Le crocodile jaune a dit : « Soyez fidèles
A Dieu, à votre femme et à votre nation ».
Je lui ai répondu : « C’est une aberration,
Car la fidélité, c’est pour les hirondelles. »

Le crocodile mauve a dit : « La vie est belle,
Faites-en chaque jour une célébration. »
Je lui ai répondu : « De ton affirmation,
Je retiens, simplement, qu’elle n’est pas nouvelle ».

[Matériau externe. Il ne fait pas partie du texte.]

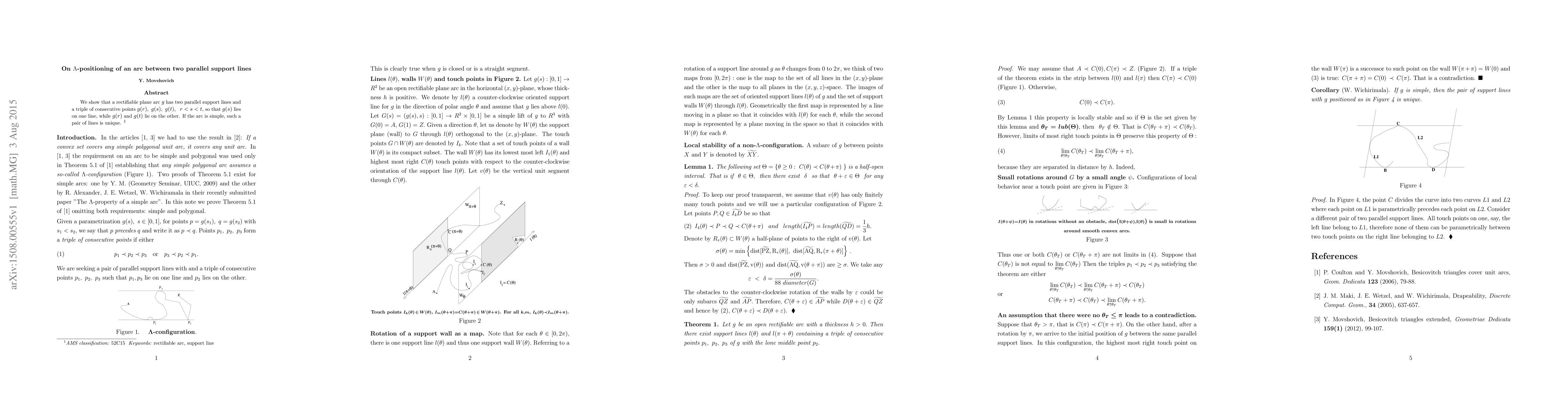 We show that a rectifiable plane arc g has two parallel support lines and a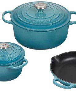 Le Creuset MS1605-17SS 5-Piece Caribbean Signature SetThe 5-piece Signature cookware set features our best selling enameled cast iron pots and pans, including our iconic Dutch oven and highly-rated signature skillet. Whether just starting to build your Le Creuset collection or adding to an existing collection, this set is the perfect place to start. It also makes an exceptional gift for weddings, showers, housewarming and for the person who loves to cook and entertain. Individually crafted by French artisans from the finest quality materials since 1925, Le Creuset enameled cast iron cookware is beloved for its perfected design and exceptional heat retention that produces superior results from stove to oven to table. Designed for generations of durability, the easy-to-clean porcelain enamel requires no seasoning, minimizes sticking and is dishwasher-safe. Set includes: 5 1/2 qt. round Dutch oven, 1 3/4 qt. signature saucepan and 9″ signature skillet. Features

Le crocodile orange apprécie l’abstinence,
Le crocodile rose, une humble transcendance.
Alors, je leur ai dit : « Faites ça entre vous ».

Le crocodile rouge aime les vers stupides,
Je lui dis : « Grâce à Dieu, c’est un plaisir limpide
Que partagent le sage et son cousin le fou. »

Cochonfucius

Ornithologie comparative

pluvian

Le barde traversa, de sa marche tranquille,
Le marais parcouru de sentiers en réseaux ;
Près de lui, les pluvians cachés dans les roseaux,
Se saluaient entre eux, non loin des crocodiles.

Le barde, comprenant la langue des oiseaux,
Souvent eut leur visite auprès de son asile ;
Il passe aussi du temps avec eux, sur leurs îles,
Quand la saison permet de traverser les eaux.

Tantôt un crocodile est présent sous l’ombrage,
Tantôt c’est un tronc d’arbre, ou encore, un mirage,
Ou même un vieux lézard qui se met à l’abri.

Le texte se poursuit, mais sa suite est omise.